What I'd do differently
Three things, in order of how much they'd change the system:
Start with real telemetry, even at low volume. The synthetic-data shortcut got the architecture validated faster, but I'm carrying technical debt I'll have to pay down before any production claim. If I were starting again, I'd capture five to ten sessions of real CAN-bus data first, even unprocessed, and let the data shape inform the synthetic generator rather than the other way around. The architecture would have come out the same. The data layer would be six weeks ahead.
Build the eval harness before the model. I trained the RF first and built the evaluation around it after the fact. Should have been the opposite. A pre-built eval harness with held-out sets, adversarial cases, and a clear acceptance bar would have caught the overfitting on synthetic data weeks earlier. This is also the generalizable lesson: most AI projects under-invest in evals because the model is more fun to build, and pay for it later.
Treat the LLM router as a product surface, not an implementation detail. The way the system phrases its answers matters as much as which tools it called. Early versions gave me technically-correct responses I'd ignore because they didn't match how I think about riding. The orchestration prompt is now a real artifact I version and iterate on, with explicit personas for "explain to a tired rider in the paddock" vs. "explain to me sitting at my desk reviewing data." Should have done this from the start instead of treating the LLM as a black box that produces words.
What this informed at SAS
The patterns from Crew Chief aren't theoretical. They've shaped how I think about and ship AI features in the AI-native decision intelligence work I lead at SAS.

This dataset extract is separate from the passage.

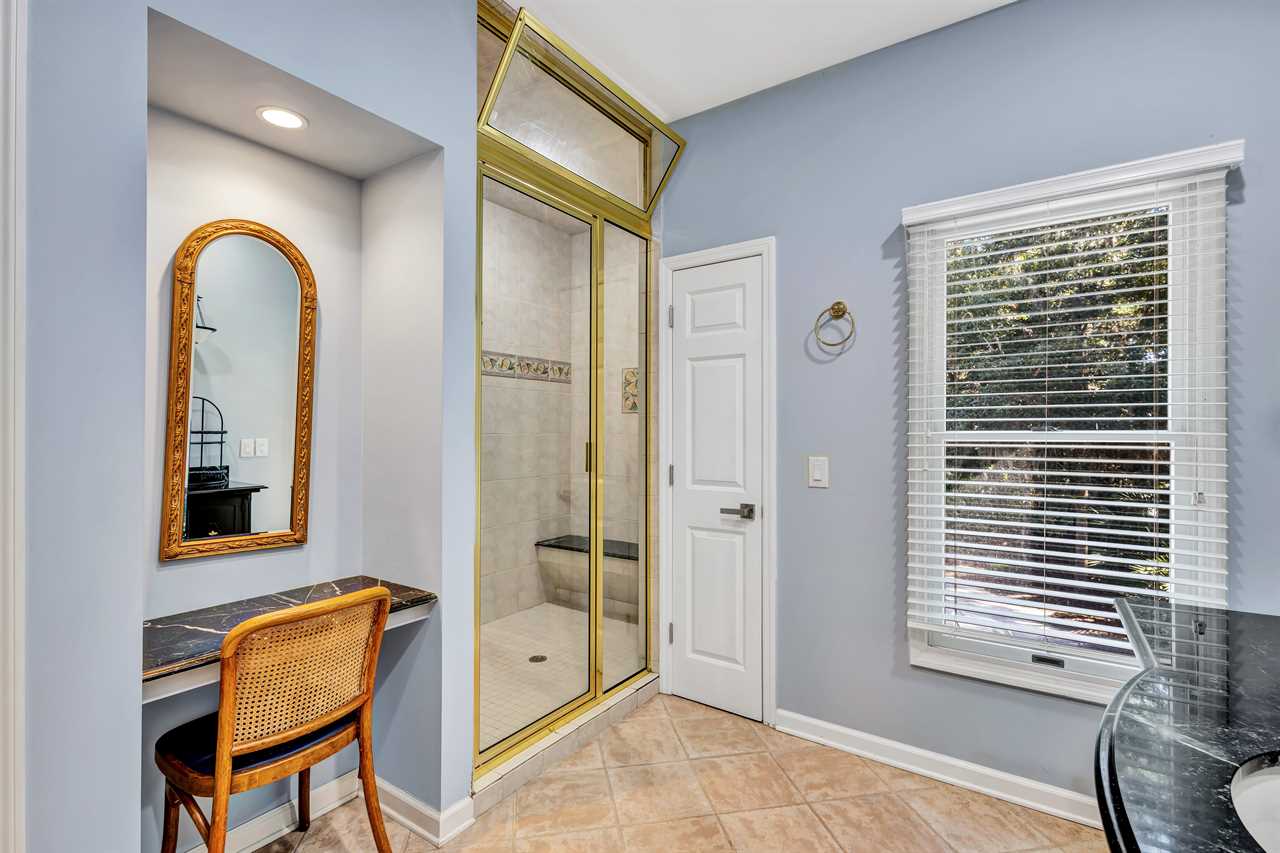 Just off the kitchen, an additional living area invites you to relax with serene views of lush Lowcountry landscapes and a glimpse of the fairway through floor-to-ceiling windows. This cozy retreat offers a perfect spot to unwind and connect with nature from the comfort of indoors.

Three specific carry-overs, at the level I can discuss publicly:
The four-layer pattern (deterministic, then ML, then live context, then generative, with the LLM as orchestrator) shows up in enterprise decisioning the same way it shows up at the track. A claims adjuster, a fraud analyst, a risk underwriter all have the same shape of problem: too much data, not enough time, asymmetric cost on confident wrong answers. The architectural answer is the same.
Forced first-call guardrails as a design pattern. In regulated decisioning, "the model should have checked X first" is the difference between a feature and a liability. Building the guardrail call as architecturally non-optional rather than prompt-suggested is a pattern I push on consistently.

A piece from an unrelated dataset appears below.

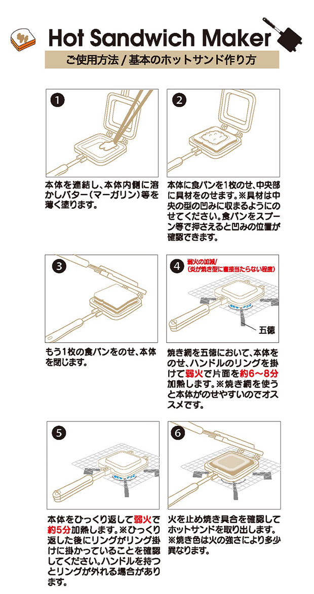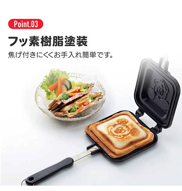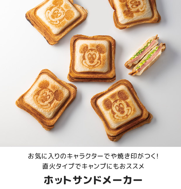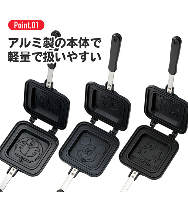 爆買 お気に入りのキャラクターが焼き印でつくホットサンドメーカー。アルミ製の本体で、軽量で扱いやすいのがポイント。ヒンジ部分で、分解することが可能。両面に焼き印加工がされているので、分解して使ってもキャラクターの焼き印がつきます。直火仕様なので、ご家庭でもアウトドアでもご使用いただけます。

Eval discipline as a product requirement, not an engineering nice-to-have. Crew Chief taught me that the eval ceiling is bounded by what you're willing to test. In enterprise AI, that ceiling is also bounded by what compliance, legal, and risk will sign off on. Treating evals as a first-class product artifact (versioned, reviewable, auditable) is what turns AI features from demoware into shippable.
The fuller version of any of these is an interview conversation, not a public writeup. The through-line: personal projects where I own every decision are where I learn the patterns that show up in enterprise work weeks later.
Roadmap
Active now. Real CAN-bus capture from the Panigale, mapped field-by-field to the synthetic schema. Retrain the RF on real distributions. Audit the gap between synthetic and real performance.
Next. Physiological readiness integration. Pulling HRV, sleep, and training load from Garmin to extend the decision from "is the bike ready?" to "is the rider ready?" Treating this as a separate project (Rider Readiness) once Crew Chief v2 is on real data.
Eventually. Adversarial eval scenarios constructed from public motorsport incident data. The structural eval gap (can't test the catastrophic negative class with real rides) closes partially if I can construct realistic failure scenarios from other riders' published telemetry and crash reports. Not committed to timeline.